Easy Recipes to Feel Good is a monthly recipe post for our readers and past participants who recognize the payoff of eating foods that support us, but also have more on their schedule than cooking food.
This month we’re serving up Carrot Ginger Dressing. It’s a favorite around here and it’s a great alternative to our typical go-to dressings!
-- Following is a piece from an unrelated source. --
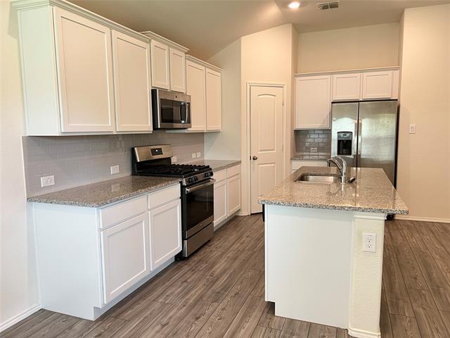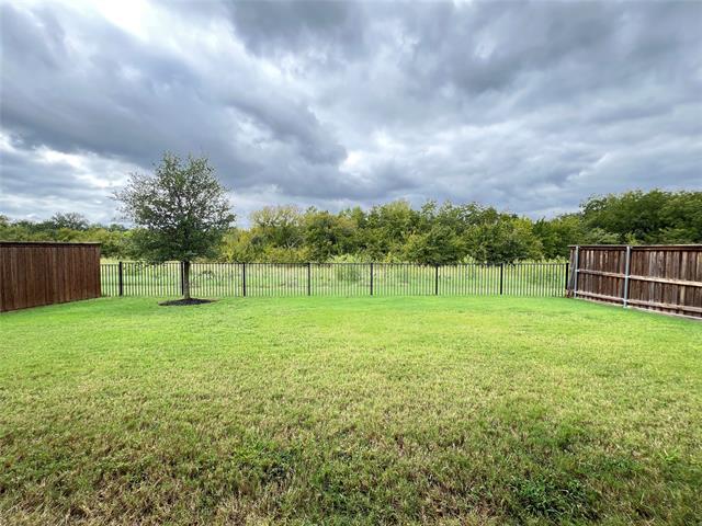 Beautiful 4 Bedroom, 2 Bath Home with greenbelt views. This spacious open floor plan home offers 4 bedrooms and 2 bathrooms, designed with comfort and functionality in mind. The kitchen features granite countertops, a large island, pantry, and gas range—plus the refrigerator is included. Washer and dryer also convey, making this home move-in ready. The primary suite is situated with an ensuite bath featuring dual sinks, a walk-in closet, garden tub, and separate shower. Guest bedrooms are split from the primary, providing extra privacy. Enjoy the outdoors with no backyard neighbors, serene greenbelt views, and a covered patio perfect for relaxing or entertaining. Community amenities include a refreshing pool, playground and jogging - walking trails. Easy access to 380 and Lewisville Lake. Pets welcome upon owner approval. Owner maintains lawn. 12 month lease term only. Breakfast table available for purchase from owner ($750)

Now is the time of year to have a few different options for dressings around since all of this fresh, local produce is sprouting up everywhere. The finished product can be put in a glass jar and stored in the fridge for up to 7 days.
Carrot-Ginger Dressing
Makes 4 cups of dressing (or 32 servings)
Ingredients
1 cup vegetable oil
½ cup rice vinegar
¼ cup soy sauce
1 tablespoon sugar
1½ teaspoon finely grated ginger
2 medium carrots (about 8 ounces.), peeled and roughly chopped
½ medium yellow onion (about 6 ounces), roughly chopped
Kosher salt and freshly ground black pepper, to taste
Preparation
- Combine oil, vinegar, soy sauce, sugar, ginger, carrots, and onion in a food processor.
- Process until smooth.
- Season with salt and pepper.
Enjoy!
I am just beginning a low sodium diet. Would you recommend staying away from this or is it really not that high in sodium?
Hi Joyce,
One way to cut the sodium in this recipe is to use low sodium soy sauce. It is found at the grocery market right next to the regular soy sauce and it’s an easy way to reduce the sodium content by about 50%.
As I always say though, one of the simplest and best ways to reduce overall sodium intake is to prepare as much food as we can ourselves since prepackaged foods, like pre-made dressing being a great example, uses sodium as a preservative to prolong shelf life.